Terzic has barely settled in and he is already giving off the kind of message Athletic badly needed: one hand on the steering wheel, the other doing the unglamorous work that keeps a club from drifting. That is the point here. This is not a column about a match, and it is not pretending the tension around the club has vanished. It has not. But Terzic's first appearances have at least shown a coach who understands that in this environment, authority and diplomacy have to arrive together.
The line attributed to him says everything. Use both hands. The right to guide the team firmly. The left, despite being naturally right-footed, to do the other job that comes with this place. That is not a throwaway detail. It is a window into how he wants to operate at Athletic: direct when he has to be, clever when the situation demands it, and aware that this club is never only about what happens on the pitch.
A club still carrying tension
The atmosphere around Athletic is not exactly relaxed. Renewals remain part of the conversation, expectations never really go away, and every move is watched closely. In that sense, Terzic has walked into the sort of job where early signals matter more than polished speeches. The club wants reassurance, but it also wants firmness. It wants someone who can guide, but also someone who can handle the wider noise without letting it swallow the football.
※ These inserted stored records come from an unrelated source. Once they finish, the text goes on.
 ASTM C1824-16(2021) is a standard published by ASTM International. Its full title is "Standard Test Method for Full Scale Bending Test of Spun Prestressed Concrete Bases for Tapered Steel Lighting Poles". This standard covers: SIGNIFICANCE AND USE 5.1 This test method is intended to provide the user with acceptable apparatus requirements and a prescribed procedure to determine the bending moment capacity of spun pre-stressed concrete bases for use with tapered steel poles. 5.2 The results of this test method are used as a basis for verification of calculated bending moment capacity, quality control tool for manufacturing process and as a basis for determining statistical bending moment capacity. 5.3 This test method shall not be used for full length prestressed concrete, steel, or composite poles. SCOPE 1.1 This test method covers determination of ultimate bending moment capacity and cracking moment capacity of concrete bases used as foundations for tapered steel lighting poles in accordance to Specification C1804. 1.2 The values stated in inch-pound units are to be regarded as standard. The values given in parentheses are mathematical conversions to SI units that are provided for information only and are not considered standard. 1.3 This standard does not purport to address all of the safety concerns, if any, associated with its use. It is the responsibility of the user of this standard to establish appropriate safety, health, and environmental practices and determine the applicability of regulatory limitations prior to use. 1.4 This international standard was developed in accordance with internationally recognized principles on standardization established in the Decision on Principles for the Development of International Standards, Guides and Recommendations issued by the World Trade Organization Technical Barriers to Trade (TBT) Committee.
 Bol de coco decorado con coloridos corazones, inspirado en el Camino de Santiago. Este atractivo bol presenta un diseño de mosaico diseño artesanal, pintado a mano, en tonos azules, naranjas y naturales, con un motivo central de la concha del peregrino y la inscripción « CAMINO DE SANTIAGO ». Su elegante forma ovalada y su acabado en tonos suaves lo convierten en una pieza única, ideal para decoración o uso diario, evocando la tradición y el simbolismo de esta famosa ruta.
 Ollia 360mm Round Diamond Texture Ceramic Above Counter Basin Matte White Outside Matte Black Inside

That is why the first visit matters so much. San Mamés against Sevilla is not just another date on a calendar. It is the first real test of how this new coach will be received in public and how quickly his methods will be judged in private. The delay to Barcelona only adds to the sense that the schedule itself is bending around bigger forces, with Spain in the World Cup semifinal pushing things back and reminding everyone that this club's plans never exist in isolation.
There is a temptation to overstate early impressions, but that would miss the point. The value of Terzic's first appearances is not that they solve everything. It is that they hint at a coach who understands the scale of the job. Athletic do not need a man who simply turns up and speaks loudly. They need someone who can manage the football and the atmosphere, the urgency and the awkwardness, the promise and the suspicion.
So yes, the message is simple, almost blunt: Terzic should use both hands. One to lead. One to deal with everything else. At Athletic, that is not a luxury. It is the minimum requirement.